▸ TASK INPUTS
--------------------------------------------------

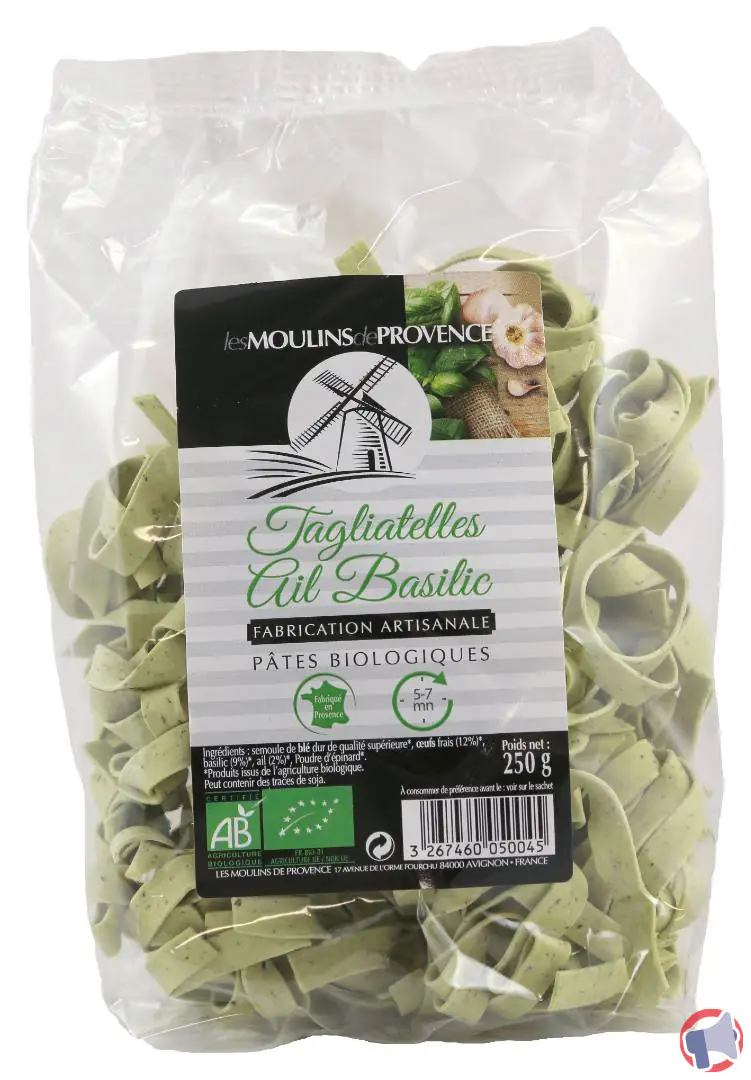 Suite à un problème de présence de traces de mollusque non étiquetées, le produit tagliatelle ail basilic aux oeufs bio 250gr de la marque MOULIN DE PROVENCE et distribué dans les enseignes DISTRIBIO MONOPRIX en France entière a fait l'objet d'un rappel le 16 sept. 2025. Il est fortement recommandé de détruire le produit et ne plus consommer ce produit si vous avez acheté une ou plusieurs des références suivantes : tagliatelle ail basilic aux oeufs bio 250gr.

--------------------------------------------------

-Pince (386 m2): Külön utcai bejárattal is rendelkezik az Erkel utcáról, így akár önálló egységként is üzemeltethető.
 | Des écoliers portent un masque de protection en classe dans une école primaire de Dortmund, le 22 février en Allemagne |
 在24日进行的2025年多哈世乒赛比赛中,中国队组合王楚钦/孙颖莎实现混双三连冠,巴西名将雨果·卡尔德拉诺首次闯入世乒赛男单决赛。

--------------------------------------------------

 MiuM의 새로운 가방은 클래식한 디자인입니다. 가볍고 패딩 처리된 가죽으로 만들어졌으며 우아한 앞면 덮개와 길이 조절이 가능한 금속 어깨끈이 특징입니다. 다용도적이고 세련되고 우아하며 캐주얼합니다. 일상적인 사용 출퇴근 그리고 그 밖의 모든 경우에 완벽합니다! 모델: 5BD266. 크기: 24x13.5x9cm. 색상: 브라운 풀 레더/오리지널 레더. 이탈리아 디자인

--------------------------------------------------

▸ GOAL OF THE EXERCISE
Nothing but the lines above from the one containing "-Pince (386 m2): Külön" through the one containing "在24日进行的2025年多哈" should appear in the answer, each repeated exactly.

▸ ANSWER TO THE PROBLEM
-Pince (386 m2): Külön utcai bejárattal is rendelkezik az Erkel utcáról, így akár önálló egységként is üzemeltethető.
 | Des écoliers portent un masque de protection en classe dans une école primaire de Dortmund, le 22 février en Allemagne |
 在24日进行的2025年多哈世乒赛比赛中,中国队组合王楚钦/孙颖莎实现混双三连冠,巴西名将雨果·卡尔德拉诺首次闯入世乒赛男单决赛。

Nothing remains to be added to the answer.